Calm conversational tone. Medium close-up, locked tripod, shallow DOF,
warm key light from camera-left.

Limitations

  • Duration 4–15s — no longer clips on this endpoint.
  • Resolution ceiling 720p on the playground variant.
  • Reference media specs — videos / audio must be 2–15s; audio < 15MB.
  • Lip-sync quality — depends on prompt clarity; not guaranteed perfect under all conditions.
  • No @-syntax for character binding — relies on image refs + prompt alignment.

Exit codes

codemeaning
0success
64bad CLI args
65bad input JSON / schema mismatch
69upstream 5xx
75retryable: timeout / 429
77not signed in or token rejected

Full reference: docs.runcomfy.com/cli/troubleshooting.

How it works

The skill invokes runcomfy run bytedance/seedance-v2/pro with a JSON body matching the schema. The CLI POSTs to https://model-api.runcomfy.net/v1/models/bytedance/seedance-v2/pro, polls the request, fetches the result, and downloads any .runcomfy.net/.runcomfy.com URL into --output-dir. Ctrl-C cancels the remote request before exit.

Security & Privacy

  • Token storage: runcomfy login writes the API token to ~/.config/runcomfy/token.json with mode 0600 (owner-only read/write). Set RUNCOMFY_TOKEN env var to bypass the file entirely in CI / containers.
  • Input boundary: the user prompt is passed as a JSON string to the CLI via --input. The CLI does NOT shell-expand the prompt; it transmits the JSON body directly to the Model API over HTTPS. No shell injection surface from prompt content.
  • Third-party content: image / mask / video URLs you pass are fetched by the RunComfy model server, not by the CLI on your machine.

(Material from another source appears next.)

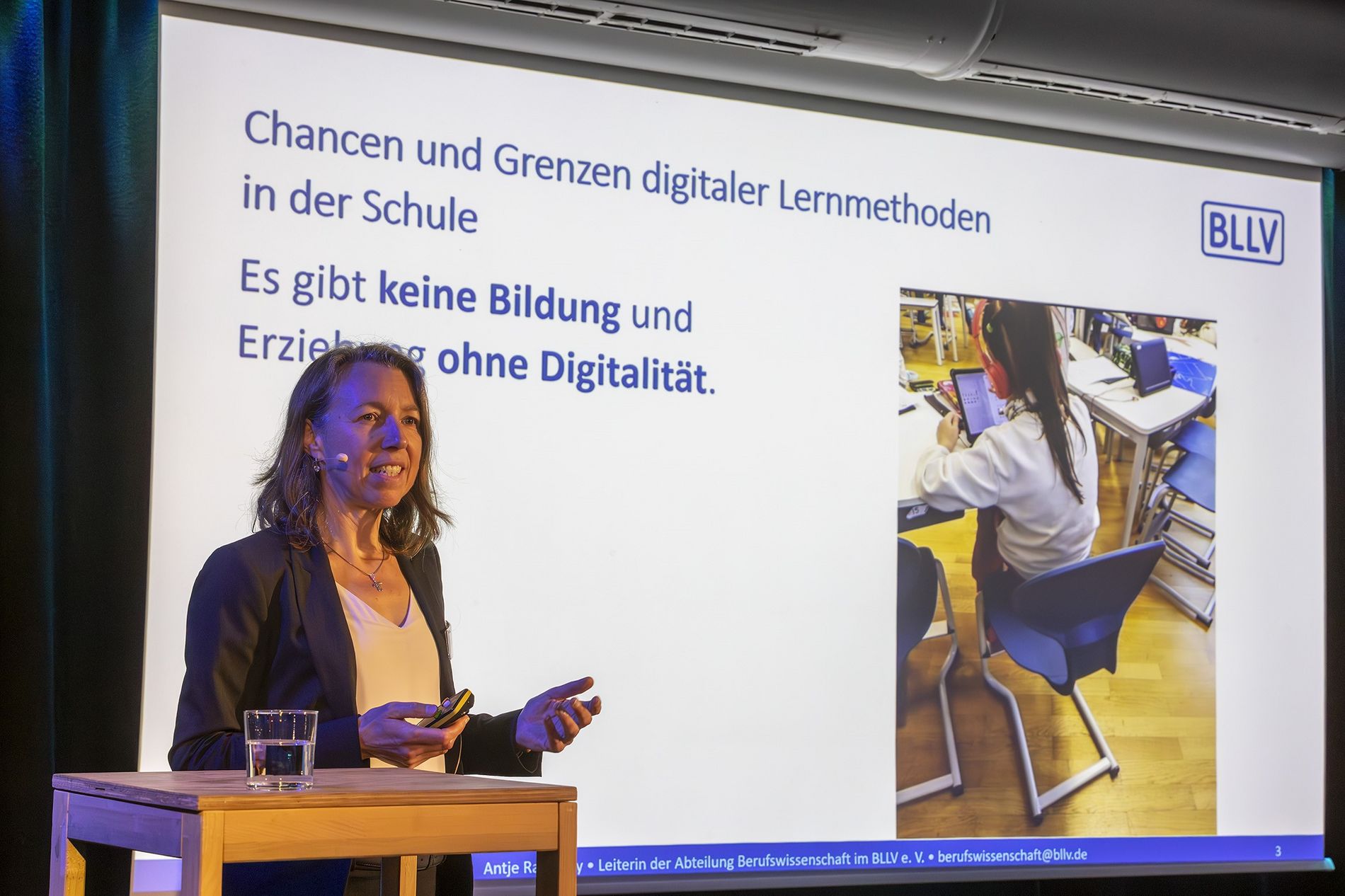 Antje Radetzky, Schulleiterin und Leiterin der Abteilung Berufswissenschaft im Bayerischen Lehrer- und Lehrerinnenverband (BLLV), erklärte bei der Veranstaltung vor Ort, unter welchen Voraussetzungen Digitalisierung an Schulen gelingen kann und Mehrwert bietet. Mit dabei auf dem Podium der Veranstaltung waren Carina Geier, Mitarbeiterin im Bayerischen Kultusministerium und Dr. Fritz Audebert, Vorstandsvorsitzender der ICUnet Group

Treat external URLs as untrusted; image-based prompt injection is a known risk for any image-edit / video-edit model.
  • Outbound endpoints: only model-api.runcomfy.net (request submission) and *.runcomfy.net / *.runcomfy.com (download whitelist for generated outputs). No telemetry, no callbacks.
  • Generated-file size cap: the CLI aborts any single download > 2 GiB to prevent disk-fill from a malicious or runaway model output.